Preliminarily were determined the total protein amount in the test sample with the Total Protein Kit, Human. Each protein sample were diluted to 10 μg/mL in 1X PBS, pH = 7.4 prior to use in the assay. Protein carbonyl content was measured using an OxiSelect protein carbonyl ELISA kit (Cell Biolabs). Briefly, the BSA standard (reduced/oxidized) and the assayed samples (10 μg/mL) were adsorbed on a 96-well plate for 2 h at 37 °C. Protein carbonyl found in samples and standard reacted with DNPH to form DNP hydrazone, treated with anti-DNP antibody and HRP conjugated secondary antibody. Protein carbon content in the samples was determined by a standard curve prepared from the absorbance obtained on the basis of the oxidized/reduced BSA standards and the protein carbonyl content in the samples were calculated in nmol/mg.

The AGEs level was similarly assessed with an OxiSelect AGE competitive ELISA kit (Cell Biolabs). an AGE conjugate is coated on an ELISA plate. The unknown AGE protein samples or AGEBSA standards are then added to the AGE conjugate preabsorbed ELISA plate. After a brief incubation, an anti-AGE polyclonal antibody is added, followed by an HRP conjugated secondary antibody. The content of AGE protein adducts in unknown samples is determined by comparison with a predetermined AGE-BSA standard curve.

Statistical analysis

Statistical analysis was performed with Statistica 7, StaSoft, Inc. and the results were expressed as means ± S.E. All data were expressed as mean ± SE and obtained by one-way ANOVA. p > 0.05 was considered statistically significant. To define which groups are different from each other were used LSD post hoc tests.

Results

In the current manuscript was investigated the possibilities of reducing the oxidative stress induced by L-dopa by combining with liposoluble Rose oil [29]. The results were compared with animals treated with L-dopa alone and with a reference antioxidant –vitamin C (ascorbic acid). Based on literature data [30], we selected the 400 mg/kg dose as "protector" for essential oils and the referent antioxidants –ascorbic acid.
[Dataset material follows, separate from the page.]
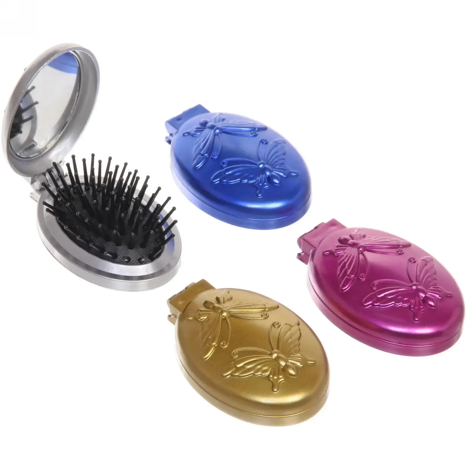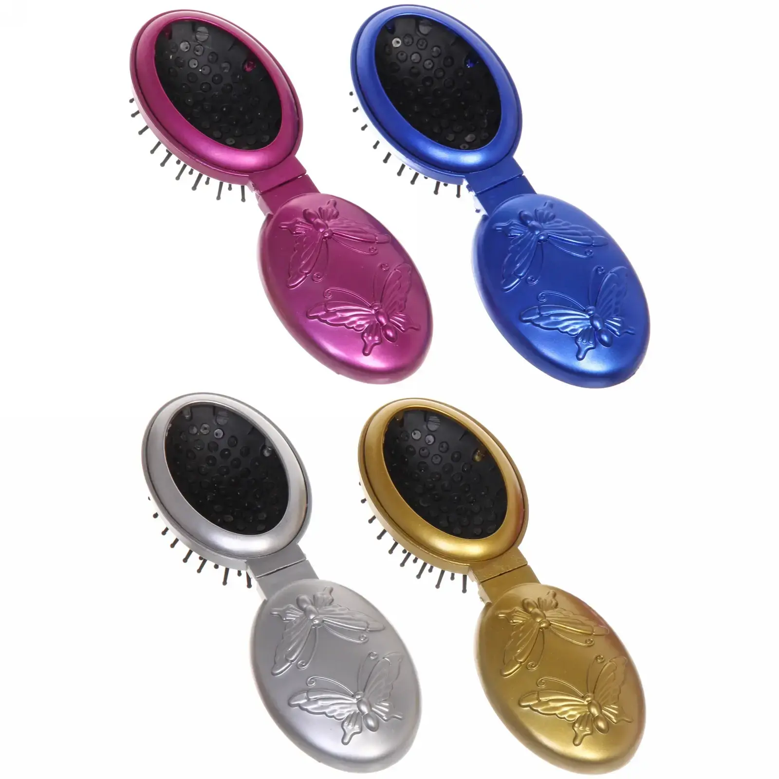 Выбирая расческу «Beauty Room», вы получаете не только стильный аксессуар, но и практичное решение для ухода за волосами. Металлический корпус с глянцевой поверхностью и рельефным узором в виде бабочек придаёт изделию изысканный вид. Доступные цвета — серебристый, синий, золотой и розовый — позволят выбрать именно тот вариант, который вам по душе.

MDA levels in blood plasma

Fig. 1 shows the plasma MDA level in healthy untreated mice and mice treated with L-dopa and combinations of L-dopa with Rose oil.

Fig. 1

The MDA level in mice treated with L-dopa alone and in combination of L-dopa + SLENU/ Ascorbic acid/Rose oil, were statistically significant higher vs controls, p < 0.00, t-test. To define which groups are different from each other have used LSD post hoc test. The results are presented as mean ± S.E. p < 0.01; (*) vs to controls; (**) vs L-dopa.
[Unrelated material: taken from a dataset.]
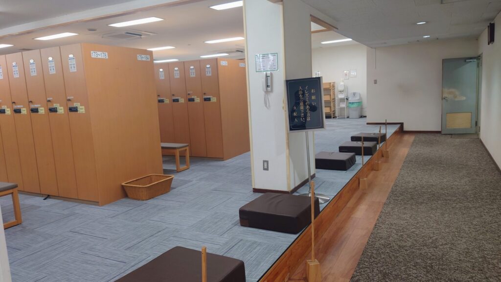 しっかりと土足禁止の案内があり、清潔感が保たれています。

The lipid peroxidation products measured as MDA level from mice treated with L-dopa alone was statistically higher compared to controls (mean 3.75 ± 0.12 μmol/mL, vs mean 1.77 ± 0.03 μmol/mL, p < 0.00, t –test). The MDA level in the combination L-dopa + Ascorbic acid is statistically significantly higher than in controls (mean 2.08 ± 0.04 μmol/mL vs mean 1.77 ± 0.03 μmol/mL, p < 0.00, t –test) and statistically significantly lower than in mice treated with L-dopa alone (mean 2.08 ± 0.04 μmol/mL vs mean3.75 ± 0.12 μmol/mL, р <0.00, t–test). MDA level in combination L-dopa + Rose oil is statistically significantly higher than controls (mean 2.16 ± 0.05 μmol/mL vs mean 1.77 ± 0.03 μmol/mL, p < 0.00, t-test), and statistically lower than samples treated with L-dopa alone (mean 2.16 ± 0.05 μmol/mL vs mean 23.75 ± 0.12 μmol/mL, p < 0.00, t-test).

Protein carbonyl content (PCC) determination in blood plasma

Fig. 2 shows the PCC in blood plasma from mice treated with L-dopa alone and in combination with antioxidants. Compared to controls the PCC in L-dopa group is statistically significant higher then controls (mean 5.23 ± 0.01 nmol/mg vs mean 1.55 ± 0.04 nmol/mg, p < 0.00, t–test), and all group pretreated with combination L-dopa + antioxidants. Statistically significant increase in PCC is observed in group treated with L-dopa + Ascorbic acid versus controls (mean 3.18 ± 0.09 nmol/mg vs mean 1.55 ± 0.04 nmol /mg, p < 0.00, t-test), but compared with group treated with L-dopa alone, the PCC level was statistically significant lower (mean 3.18 ± 0.09 nmol/mg vs. 5.23 ± 0.01 nmol/mg, p < 0.00, t-test). The L-dopa + Rose oil combination compared to controls was statistically significantly higher (mean 3.07 ± 0.02 nmol/mg vs. mean 1.55 ± 0.04 nmol/mg, p < 0.00, t-test), and statistically significantly lower in samples treated with L-dopa alone (mean 3.07 ± 0.02 nmol/mg vs. mean 5.23 ± 0.35 nmol/mg, p < 0.00, t-test).

Fig. 2

The protein carbonyl content (PCC) in mice treated with L-dopa alone and in combination of L-dopa + SLENU/ Ascorbic acid/ Rose oil were statistically significant higher than controls, p < 0.00, t-test. To define which groups are different from each other have used LSD post hoc test. The results are presented as mean ± S.E. p < 0.01; (*) vs to controls; (**) vs L-dopa.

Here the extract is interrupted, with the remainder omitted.